Big Data Research ( IF 3.5 ) Pub Date : 2020-12-16 , DOI: 10.1016/j.bdr.2020.100181 Daniel Bauer , Florian Froese , Luis Garcés-Erice , Chris Giblin , Abdel Labbi , Zoltán A. Nagy , Niels Pardon , Sean Rooney , Peter Urbanetz , Pascal Vetsch , Andreas Wespi
Over the last three years we have been running a large-scale data processing platform for applying analytics to corporate data at scale on an OpenStack private cloud instance.

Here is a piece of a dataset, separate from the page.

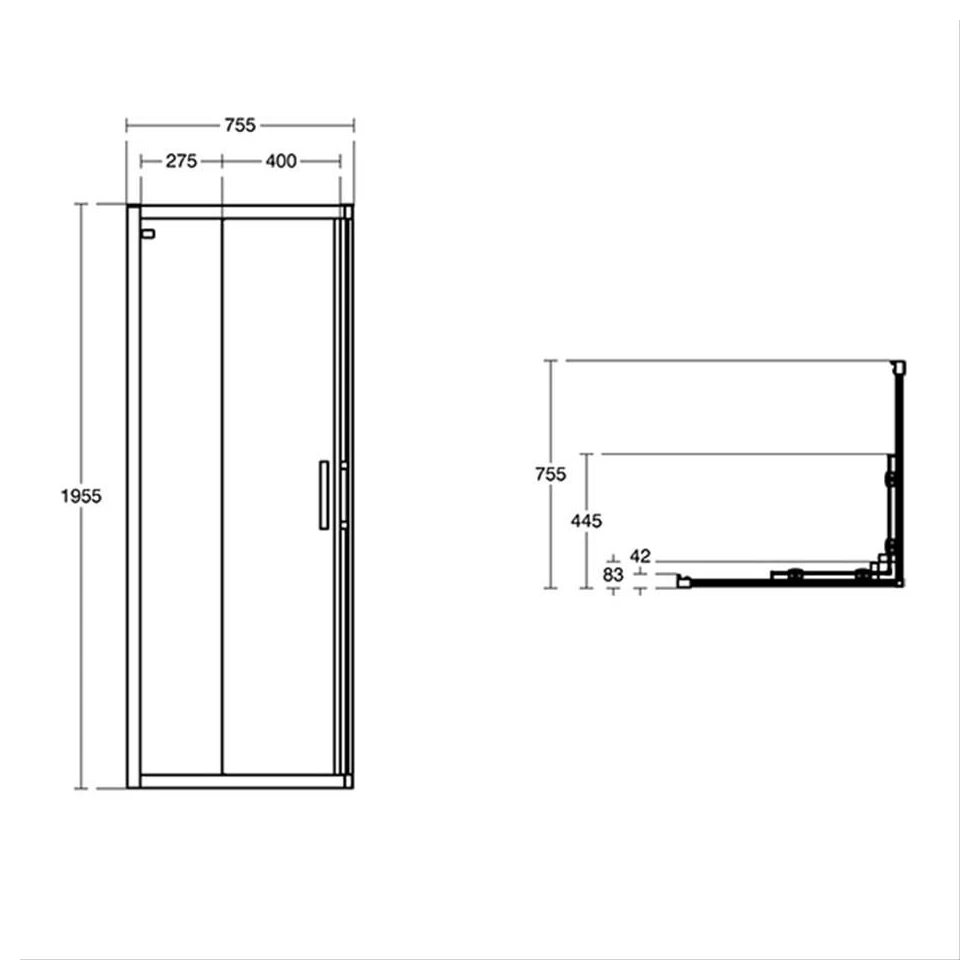 Connect 2 800mm Corner Entry Enclosure with Idealclean clear glass, bright silver finish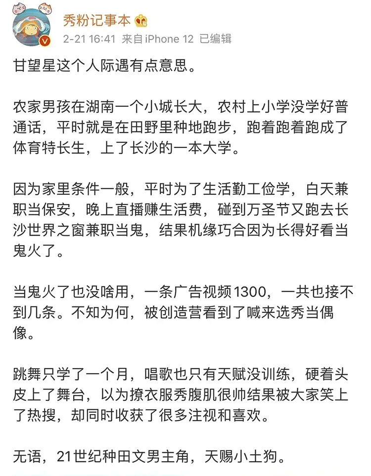 有人发现,其实甘望星在当“鬼”之前就已经签约公司了↓

Our platform makes a wide variety of corporate data assets, such as sales, marketing, customer information, as well as data from less conventional sources such as weather, news and social media available for analytics purposes to hundreds of globally distributed teams across the company. We control every layer in the stack from the processing engines down to the hardware. Here we report our experiences in building and operating such a system. We describe our technical choices and describe how they evolved as we observed the actual workloads created by users.
中文翻译:
建立和运行大型企业数据分析平台
在过去三年中,我们一直在运行一个大型数据处理平台,用于在OpenStack私有云实例上将分析应用于企业数据。我们的平台可将广泛的公司数据资产(例如销售,市场营销,客户信息)以及来自不太常规的来源(例如天气,新闻和社交媒体)的数据用于分析目的,以供整个公司范围内的数百个全球分布的团队使用。我们控制堆栈中的每一层,从处理引擎到硬件。在这里,我们报告我们在构建和运行这样的系统方面的经验。我们描述了技术选择,并描述了当观察用户创建的实际工作负载时它们如何演变。